書名 「イルクーツク商人とキャフタ貿易-帝政ロシアにおけるユーラシア商業」
著者 森永貴子 出版社 北海道大学出版会 出版年 2010
ある論文を読んでいて、本書のことを知って、読むことになった。厚さ4センチほどになる大著なのだが、その半分は付録としてのイルクーツク商業に関する資料集となっている。キャフタ貿易によってイルクーツクがロシアの中で独自の商業発展をとげていくその過程を膨大な資料を駆使しながら、明らかにしていく。扱うテーマが商業となるから、俯瞰的にユーラシア商業という視点から見ていくことにもなり、キャフタ貿易で扱われる品目の変化など(輸出品としての毛皮、さらには輸入品としての茶の需要の高まり)からが、時代も見えてきて興味深く読ませてもらった。
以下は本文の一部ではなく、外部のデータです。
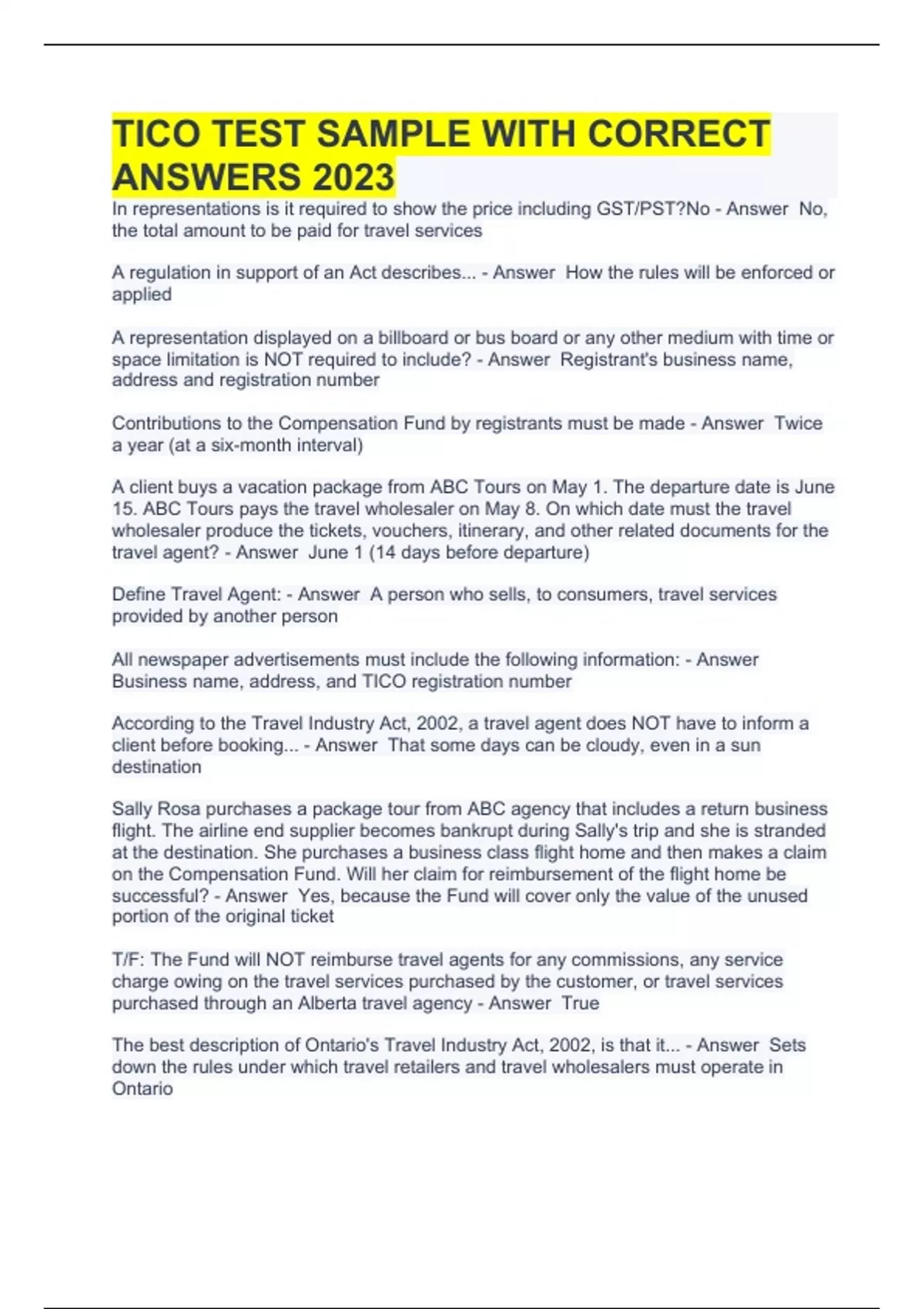 TICO EXAM QUESTIONS WITH CORRECT ANSWERS JANUARY 2023/TICO Supervisor/ Manager Exam With Correct Answers/TICO TEST SAMPLE WITH CORRECT ANSWERS 2023
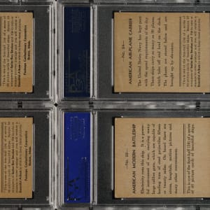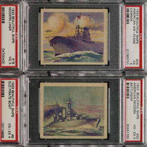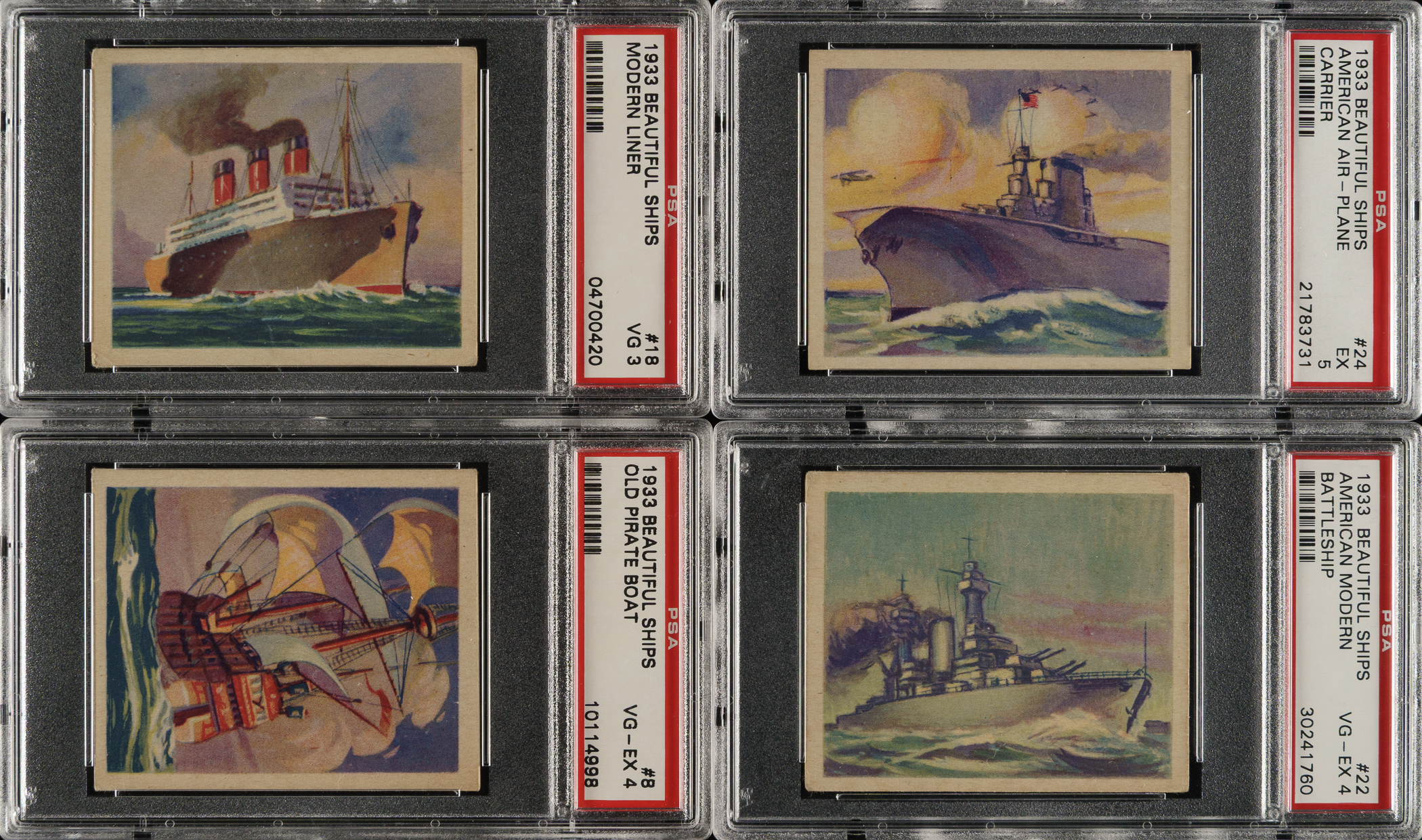 Presented is a near-complete set of 1933 R135-1 "Beautiful Ships" consisting of twenty-three different cards, missing only #7 for completion. Cards from this set feature striking and very colorful illustrations of ships from all around the world. The set was produced by two Boston-based companies, Package Confectionary and United Candy. Only twenty-four cards were ever issued. The second group of twenty-four cards, which would have fulfilled the promise of forty-eight cards suggested by the "series of 48" claim which is advertised on the back of every card, was apparently planned but never issued. Condition ranges from Vg to Ex (averaging Vg-Ex), including one Ex-Mt and two Gd. Four cards have been professionally graded and encapsulated by PSA. Keys: #1 Egyptian Ship (Vg-Ex), 8 (VG-EX 4), 18 (VG 3), 22 (VG-EX 4), and 24 (EX 5). This is an awesome offering of this extremely attractive and scarce 1930s nonsport card issue. Total: 23 cards.
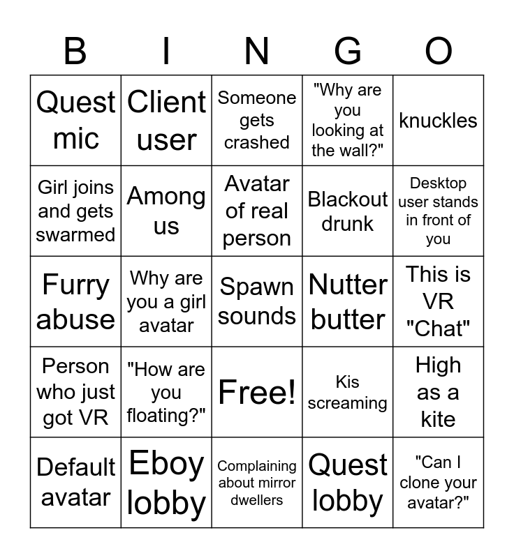 This bingo card has 26 words: Free!, Quest lobby, Avatar of real person, Eboy lobby, knuckles, Quest mic, Girl joins and gets swarmed, Client user, This is VR "Chat", Kis screaming, Blackout drunk, Furry abuse, High as a kite, Default avatar, Why are you a girl avatar, Kermit, "Why are you looking at the wall?", Person who just got VR, Someone gets crashed, Spawn sounds, Desktop user stands in front of you, Complaining about mirror dwellers, Nutter butter, "How are you floating?", Among us and "Can I clone your avatar?".
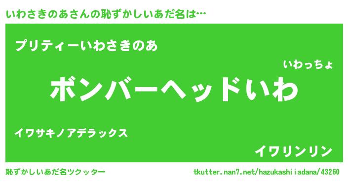 | ヘコむあだ名 | 『いわにー』『いわお』『豆乳』 |
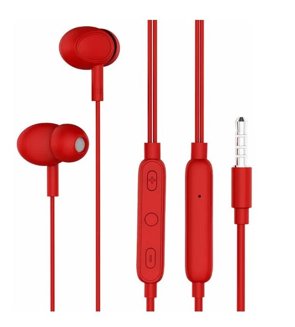 Наушники с микрофоном PERO EP14 красный EP14R
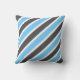 This square pillow features a beautiful diagonal striped pattern in sky blue, dark grey, and white.
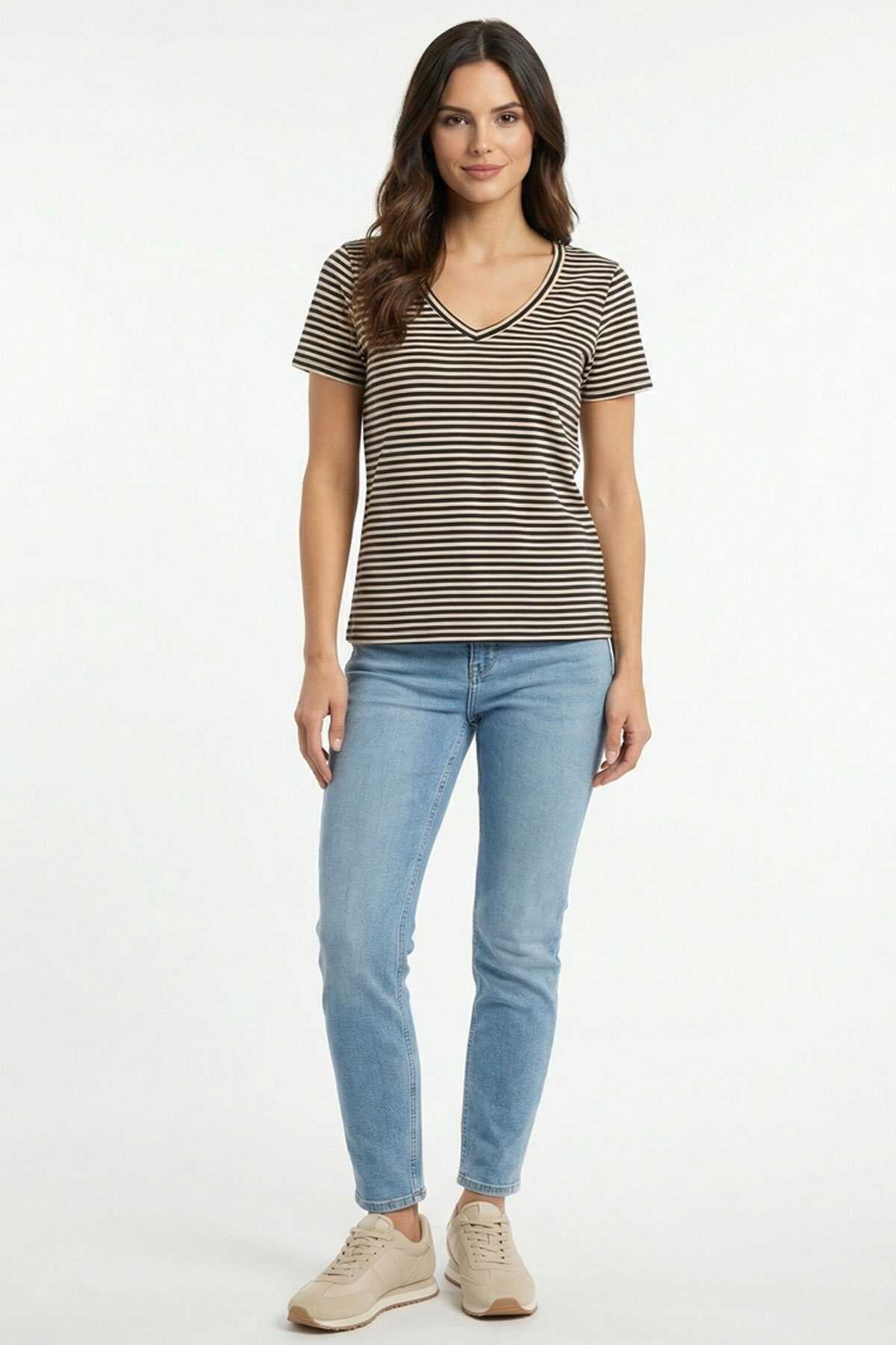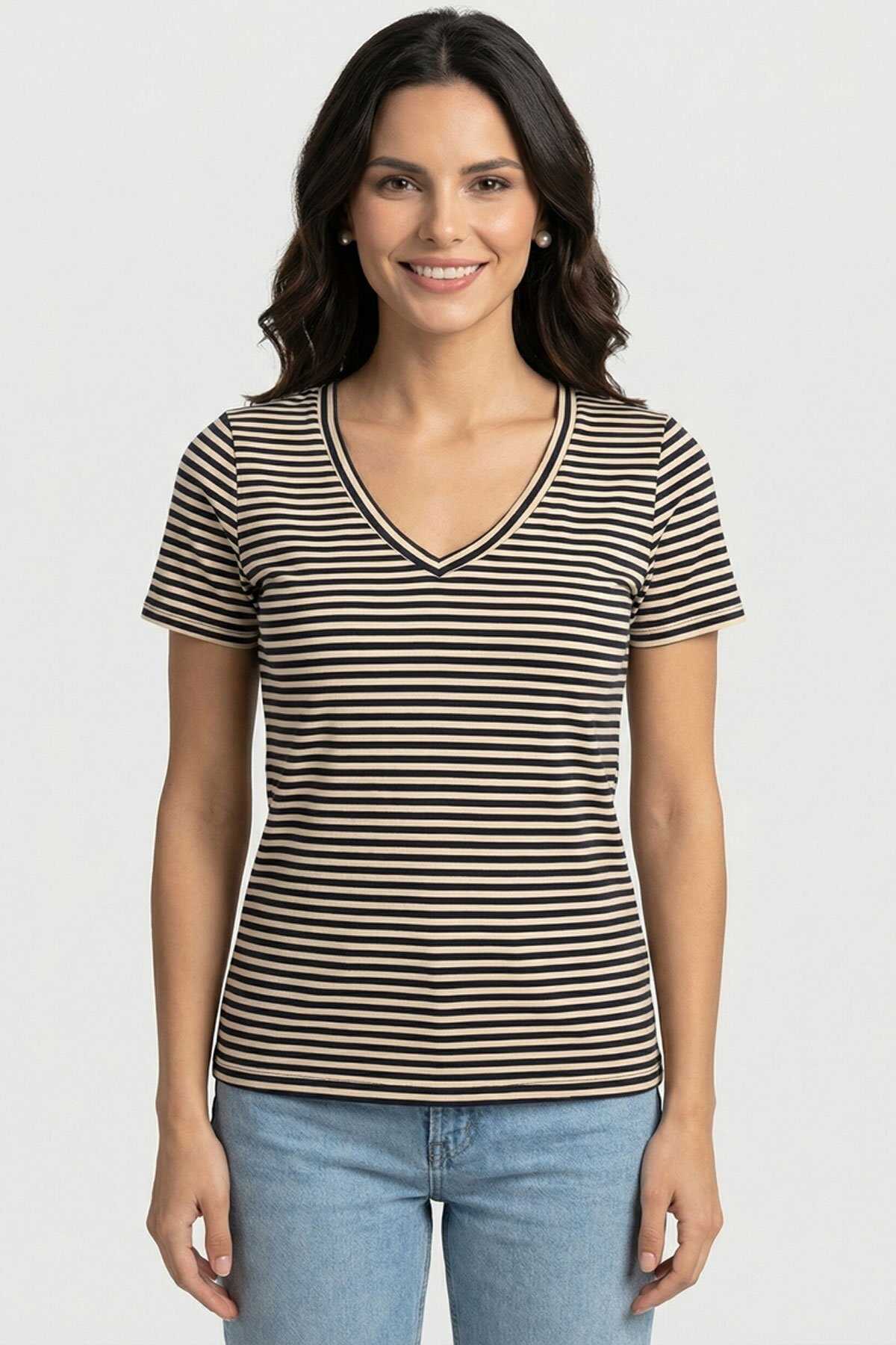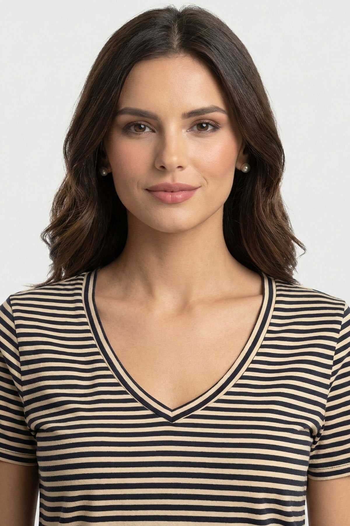 Ürün Tipi: Tişört-Yaka: V Yaka-Kol: Kısa Kollu-Kesim: Normal Kesim-Cinsiyet: Kadın-Üretim Şekli: Yuvarlak Örme-Üretim Detayı: Tek Katlı Jarse-Bileşim: %90 Pamuk %5 Elastan %5 Metalik Elyaf-Menşei: Bangladeş

ただやはな自分に関心があるのは、漂流民たちがイルクーツクで生きた時代背景。いろいろ発見があった。一番の発見は善六がゴロヴニン事件に関わっていく時のイルクーツクの県知事がトレスキンというかなり悪名高い人物がイルクーツクの商人たちを締め上げていたこと、その中で善六の名づけ親となったキセリョフが、おそらくトレスキンによって殺害されたという事実だった。こうした専門書の中で知ることができる事実をやはりきちんと押えておかないといけない。